Rhoda hastened to say that perhaps it was her father’s carriage he had heard, as he had had to make a night trip. Charlotte, chancing to look at her sister as Delavan asked his question, thought that Rhoda started and changed color ever so little. Immediately her alert mind began to wonder why, and she fixed her eyes sharply upon her sister’s face. Rhoda felt her gaze and endeavored to change the subject quickly in order to ward off the insistent questions which it would be like Charlotte to begin to ask. But at that moment Bully Brooks came unexpectedly to her assistance. Passing under her chair he emerged from beneath her skirt and playfully leaped at a bit of string on the floor. Charlotte saw him and, remembering certain kittenish tricks which he had not yet grown too old to play beneath her own hoopskirts, she smiled knowingly at her sister and dropped the subject from her thought.
Later in the day Jefferson Delavan took his departure, and under his escort Mrs. Ware and Charlotte went down the river to Cincinnati. Since their argument on election day Rhoda had given him no opportunity to renew his love siege. Nevertheless, her heart was like lead in her breast, now that he was really going, and she was afraid to trust herself alone with him lest she would find herself saying, “Stay, oh, stay a little longer!” And yet she felt relief at the thought that the dear torment would now be lessened, glad that she might rest from the keener strife within herself that his presence provoked.

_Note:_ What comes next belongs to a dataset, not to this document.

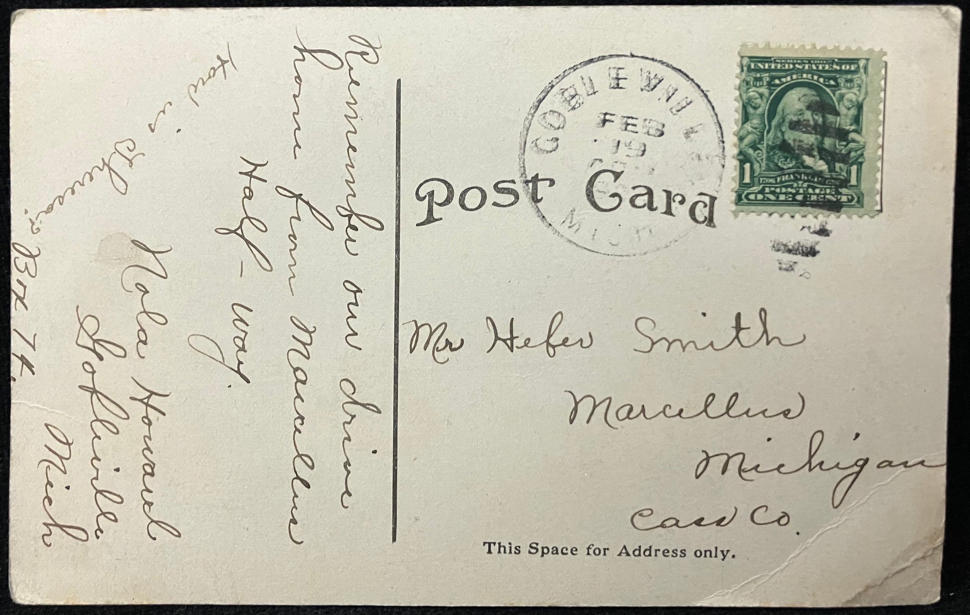 Mailed: Postmark in the 1920s from Gobleville, Mich. with a green one cent Benjamin Franklin card

When he bade her good-by he held her hand closely and said, “We’ve not spoken the last word yet, Rhoda Ware! I’m coming again some day,—though I hope I won’t be exploded into your house the next time!”
Her eyes were serious upon his face, but she felt her cheeks growing warmer with the pressure of his hand. She told herself that she ought to withdraw her own, but afterwards she knew that she had not even tried to take it out of his clasp. “You’d better not come,” she said gravely. “What is the use?”
“But at least I may come—to see your mother!” he exclaimed, smiling, and an answering ripple of mirth drove the gravity from her countenance.
It was nearly a week after the state elections before it was known certainly that the Democratic ticket in Pennsylvania had won, by a narrow margin, over the candidates upon whom the three other parties had united. Rhoda listened as her father, Hardaker, and the two Kimballs discussed the result. They were gathered around a cheerful blaze in the sitting-room fireplace, for the evenings had grown chill. Her mother and Charlotte had not yet returned.
“Oh, we’ve lost,” said Dr. Ware calmly, “and among ourselves we may as well admit it, though of course we’ll keep up a hopeful appearance in public.”
But Hardaker was more buoyant. “There’s hope yet,” he insisted. “Pennsylvania has always reversed her state victory at a following presidential election. And there’s no reason to suppose that she’ll do otherwise this time. I still believe we’re going to win.”
Rhoda saw her father suddenly compress his lips and throw a quick glance around their little circle. “To tell the truth,” he said slowly in a low tone, “just here among ourselves, though I wouldn’t admit it outside, I hope we are defeated this time.”
The rest started with surprise and Walter Kimball exclaimed, “For God’s sake, Dr. Ware! What do you mean?”